The assumed treatment scenario is the same in each case. It is not expected that any of these fields will be flawlessly consistent controlled vocabularies.

A. search for suitable core concepts vocabulary for term mapping (e.g., CF standard names; netCDF structure types)
We want to list the vocabularies that are already available that may be useful. For netCDF structure types, there may be some relevant ontologies here:
http://wiki.esipfed.org/index.php/DataTypeOntologies
Units may be addressed by one of the UoM ontologies referenced by the Ontolog work.
Parameters are likely to be addressed best by the CF standard names, possibly in combination with another vocabulary like GCMD. The absence of a standard model for characterizing parameters may be an obstacle in this case.
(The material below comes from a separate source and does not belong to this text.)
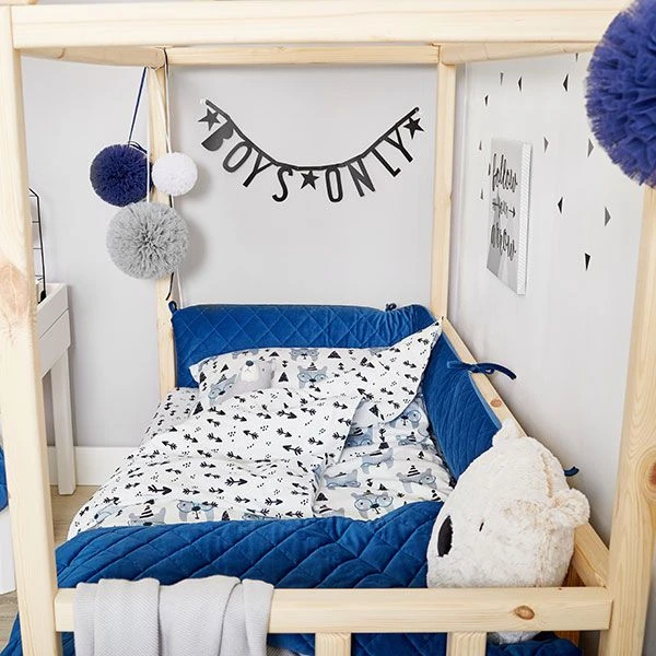 The duvet and pillow were manufactured using top-quality materials to ensure comfortable and safe sleep for your baby. The duvet and pillow are two-sided and made with two 100% cotton fabrics in varied colours. The inner part of the duvet and pillow contains hypoallergenic, fluffy silicone filling that ensures warmth and breathability. The two-sided colour scheme is the reason why this set will never be boring. You can change the interior arrangement of your child’s room.

B. create sufficiently complete core vocabulary for node mapping, perform mappings from individual terms to core vocabulary
Create sufficiently complete core vocabulary for node mapping, perform mappings from individual terms to core vocabulary. If a concept vocabulary is found, this is the basis for the mapping concept vocabulary. It will likely be incomplete; as concepts are found that can not be mapped, extend the core mapping vocabulary as needed to make it complete.
If no concept vocabulary is found, we will have to build one. This should include the range of values taken on by this field. Only one term should be included for each concept in the original, though no refinement of terms should be made (in order to be fast).
To validate that all the source concepts have been addressed, map each concept from the data sets in the given field to the core vocabulary.
As part of this process, determine a good practice for how to extend a vocabulary to include new terms.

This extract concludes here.